Priests in the Diocese of Kilmore are the second highest paid in the country after the Diocese of Clogher.

According to a survey carried out by the Irish Catholic publication the highest paid diocese in the country is Clogher, where Parish Priests receive a maximum of €33,960 a year and curates get €27,480.

The Diocese of Kilmore covers most of Cavan, Leitrim, Fermanagh and includes parts of Meath and Sligo, comes a close second in the pay scale.

Parish Priests in this diocese are entitled to an annual allowance, before deductions for diocesan levies, of €31,000, while other priests in ministry receive €29,000. Further details on diocesan levies were not made available to the survey.

In the Diocese of Ardagh and Clonmacnoise which covers parts of Leitrim, Longford and Westmeath, all priests no matter their responsibility are paid €20,400 annually.

The detail of how much priests in the Diocese of Elphin are paid is available on their diocesan website.

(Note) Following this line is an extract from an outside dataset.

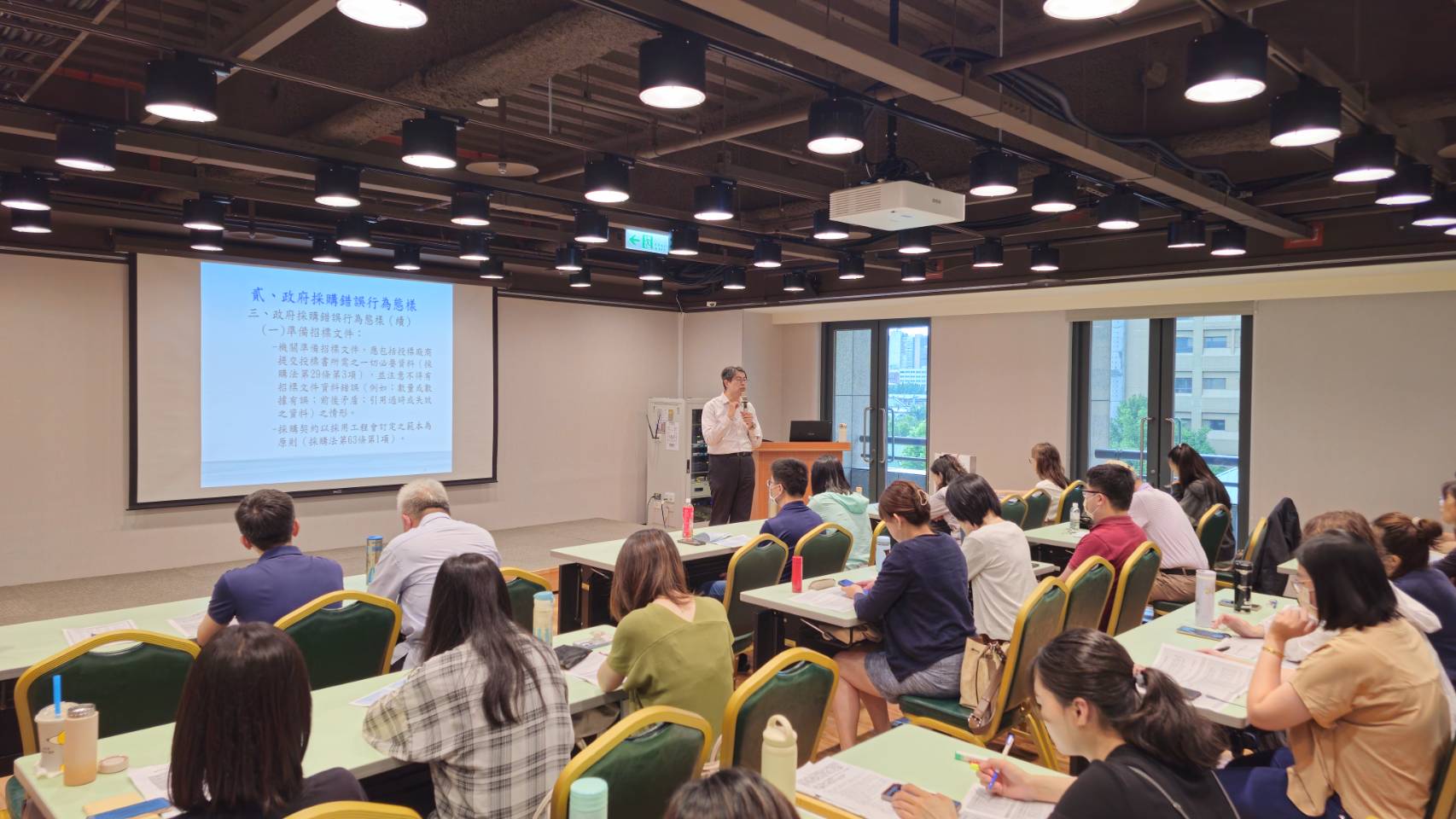 「採購稽核研習」專題講座課程中,參與對象擴及各中央部會及地方政府,共109人參與。(記者李佳龍/翻攝)

In parishes of the diocese where the income designated for the support of the priests does not reach the minimum agreed (€20,004 for Parish Priests and €18,732 for curates), the balance is made up from the parish account.

In parishes where the income exceeds the minimum required for the support of the priests, 20% of the surplus is paid to The Elphin Sick Priests and Welfare Fund and the Stewardship Fund which covers any costs associated with operating the safeguarding service of the diocese.

The Diocese of Derry which goes into Co Donegal came out worst in the survey with priests receiving just £720 a month along with some yearly increments.

Many diocese have an arrangement where priests receive increments depending on years of service. The dioceses of Cashel and Emly and Meath refused to provide The Irish Catholic with the details of remuneration for priests in their dioceses.

And no information was received from the Diocese of Dromore.

In the majority of dioceses, parochial funds cover rent and rates, heating and lighting, furnishings, insurance, maintenance, phone calls, office equipment and stationary.

However due to a large variety of parish and diocese customs, the figures in the survey do not paint an accurate picture.

In some dioceses, a priest keeps the entire donation that a couple may give for a wedding, while others only keep a portion with the rest given to the parish. The same goes for stole fees for baptisms, funerals, house blessings, etc.

When it comes to Mass stipends, Church law is very strict, a priest can only keep one Mass stipend per day. Any remaining stipends are transferred to causes and purposes prescribed by the bishop. Some parishes pay for car insurance and health insurance, while others do not.

For taxation purposes, priests are treated as self-employed so are responsible for ensuring their own revenue compliance and contributions to national social insurance schemes.